One design technique I see used quite frequently on my travels, usually in financial applications and usually by people who have experience with OLAP tools other than AS, is the creation of members on a dimension which have no real data associated with them in the fact table and whose value is later overwritten with an assignment in the MDX Script. Imagine the following scenario, for example: you have a chart of accounts dimension which has a member Total Sales, which represents the total sales of all of the operating units in your company; you also want another member, Sales Plus Tax, which is the Total Sales value multiplied by a constant representing the rate of tax. To implement this you could either create a calculated member on the Account dimension which did the calculation, or in your Account dimension table create an extra real member and then in the MDX Script use a scoped assignment to write the value of the calculation to that member.

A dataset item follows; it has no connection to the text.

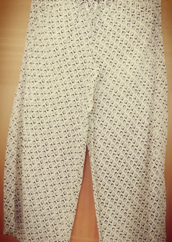 Siyah beyaz M beden desenli geniş paça pantolon
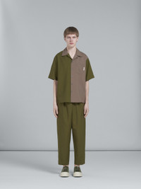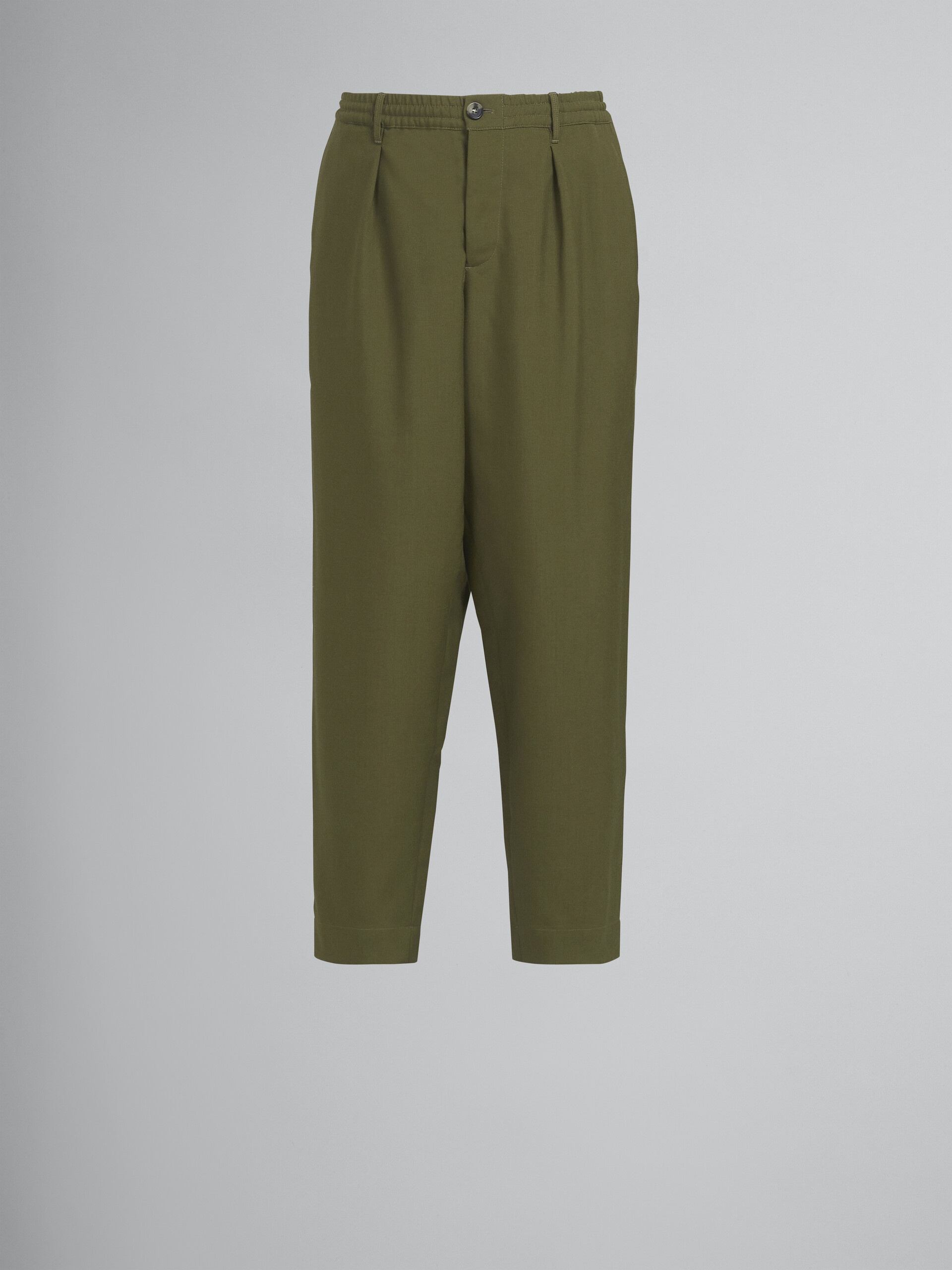 GREEN TROPICAL WOOL CROPPED TROUSERS

Creating the calculated member is the simplest option, so why not do that? Well, the ‘real member’ option has several advantages, such as:
- You have absolute control over where the member appears in the hierarchy, unlike with a calculated member
- Real members can have children, calculated members can’t
- Real members can have member properties associated with them, calculated members can’t
- It’s easier to manage all of your dimension members in one place, ie in the dimension table itself
- It’s easier to write scoped assignments which cover only real members; writing scoped assignments that cover multiple calculated members can be a pain (see my blog entry here for example).
- Some client tools (ok, Excel 2007) have problems with displaying and selecting calculated members on non-measures dimensions. For another practical example of the ‘real member’ technique, see Marco Russo’s blog entry on using it to create a time utility dimension here to get around exactly this issue.
Hmm, so that’s great, are there any disadvantages to using it? I’m going to have to be vague here, unfortunately, because I don’t understand what’s going on inside AS to be able to say for sure, but in many cases where I’ve seen the ‘real member’ technique used it’s been associated with poor query performance. Even where the calculation involved has been trivial and there has been no further aggregation of the resulting value involved, I’ve seen situations where queries are slow and Profiler has gone nuts. It certainly doesn’t happen for every calculation and every query, but when it has and I’ve created a calculated member that contains the same calculation performance has been much better. I wonder what’s going on here? Maybe someone from Microsoft can comment? As you can probably guess, I’m writing this while onsite with a customer experiencing exactly this problem and I’m hoping to provoke some discussion on this topic…
In the meantime, all I can say is that be wary of using the ‘real member’ technique and test to see if a calculated member performs better. And hopefully in Katmai+1 we’ll see some of the limitations of calculated members addressed so the provide a stronger alternative.